County Commissioners will be represented in Richland for testimony before the United States District Court in the matter of the taking of certain segments of the Garfield County road system by the United States in conjunction with the Lower Granite dam project.
Seventy-Five Years Ago
October 17, 1946
A petition now being circulated and freely signed, is asking the state highway department to improve and maintain that portion of Highway 3L, between the top of the grade near the Columbia-Garfield County line to Marengo, and that it be improved and made safe for travel.
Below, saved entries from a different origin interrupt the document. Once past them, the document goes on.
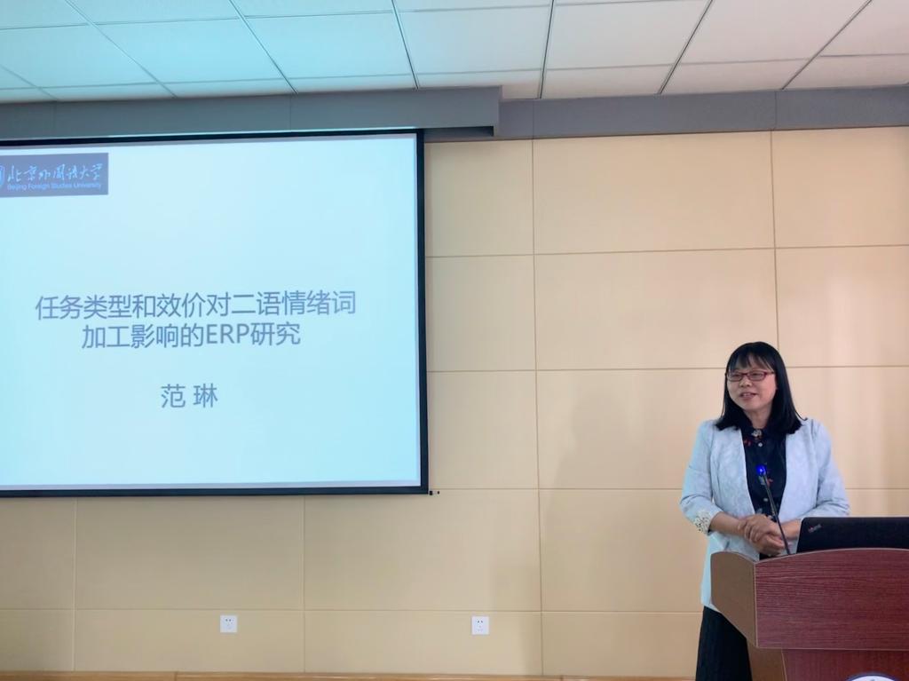 5月9日下午,北京外国语大学博士生导师范琳教授应邀来新葡京官网作报告,报告题目为“任务类型和效价对汉英双语者情绪词的ERP研究”。报告由350vip8888新葡的京集团院长尹洪山主持,副院长吕耀中等新葡京官网部分师生到场聆听。
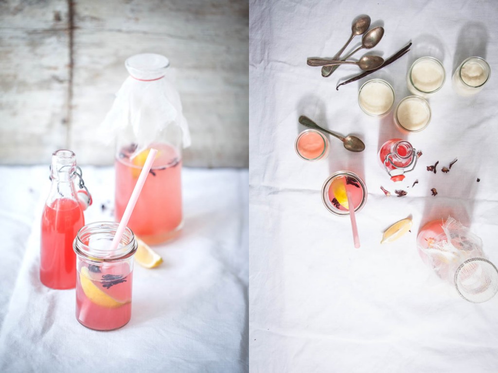J’ai choisi la rhubarbe parce que le sirop de rhubarbe n’existe pas (à ma connaissance) dans les magasins, mais les autres fruits feront aussi bien l’affaire (je vais d’ailleurs essayer très vite le cassis). Quant à l’hibiscus, il ajoute sa note acidulée et sa jolie couleur rose à ce sirop léger ultra rafraîchissant.
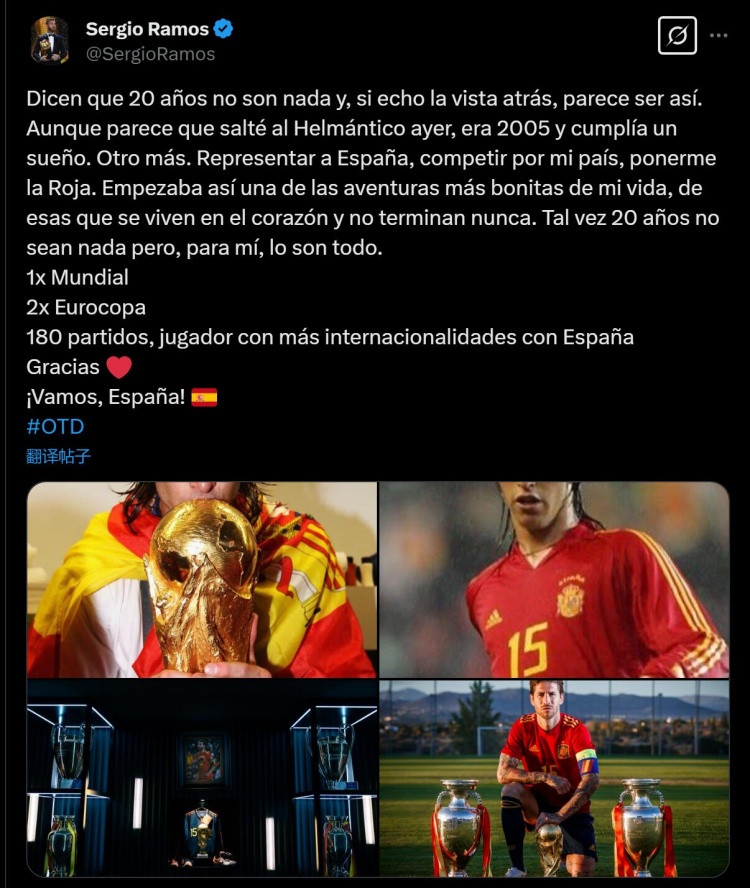 2025-03-27 08:53:41拉莫斯更新社媒,庆祝他代表西班牙国家队首秀20周年

This road, besides being greatly used, is also a mail route and is in the same condition it has been for the past 40 years.
The Jaycees, as a whole, favor an airport for Pomeroy, realizing that it is only a matter of a few years when the citizens of the county will be demanding it, when private planes will be almost as numerous as cars are today.
Three Garfield County 4-H boys, Bobby McGreevy, Marcus Flerchinger and Raymond Beale, were fortunate enough to catch themselves a calf in the calf scramble at the Pacific International exhibition in Portland. Eight Hereford and Angus calves were turned loose in the arena and 16 boys whose names had been drawn to participate tried to catch one, put on a halter and lead it from the arena. Each boy is to feed the calf and exhibit it at the 1947 Pacific International. Bobby McGreevy put on one of the outstanding performances in catching his calf. He caught a good-sized Hereford calf around the neck which dragged him for a ways. When the calf stopped, Bobby was standing straddle of him fighting for all he was worth. Bobby was finally able to regain his feet and throw his calf and with the calf on the ground he was able to put on his halter. As Bobby left the arena with his calf, his overalls were something not to be seen in public, so he made a quick exit. The other boys also had a real rassle with their calves but their clothes were not torn like Bobby’s were.
One Hundred Years Ago
October 15, 1921
The game associations of Garfield and Columbia counties combined recommended challenging the Whitman County association to a hunting contest. Asotin also may be invited to join in an effort to defeat the powerful enemy lying along the north bank of the river.
Pomeroy certainly rejoiced in the victory last week over Washtucna of 61-0, but the score of 96 to 0 against Waitsburg last Saturday met with even greater gratification for it more than compensates for the score which was made against us last year in two games.
One Hundred Twenty-Five Years Ago
October 17, 1896
Typhoid fever seems to be prevailing to an alarming extent in this community, as well as at other points in Eastern Washington and throughout the state generally.
The new schoolhouse in the Ruark settlement is one of the best and most complete country school buildings in this section of country.
Three children of Isaac Slaybaugh are victims of diphtheria. Four years ago last spring, Mr. Slaybaugh lost three children of the same dread disease. We sincerely hope that providence may deal more gently with the unfortunate family during this time of their affliction.
Hans. Anderson, who owns a fine farm north of Columbia Center, brought the last load of his 2,500 bushels of grain to town Monday. His crop averaged from 14 to 16 bushels to the acre of No. 1 wheat and, despite the shortage in yield, he claims to have realized a small profit out of it. He sold at 45 and 46¢ per bushel.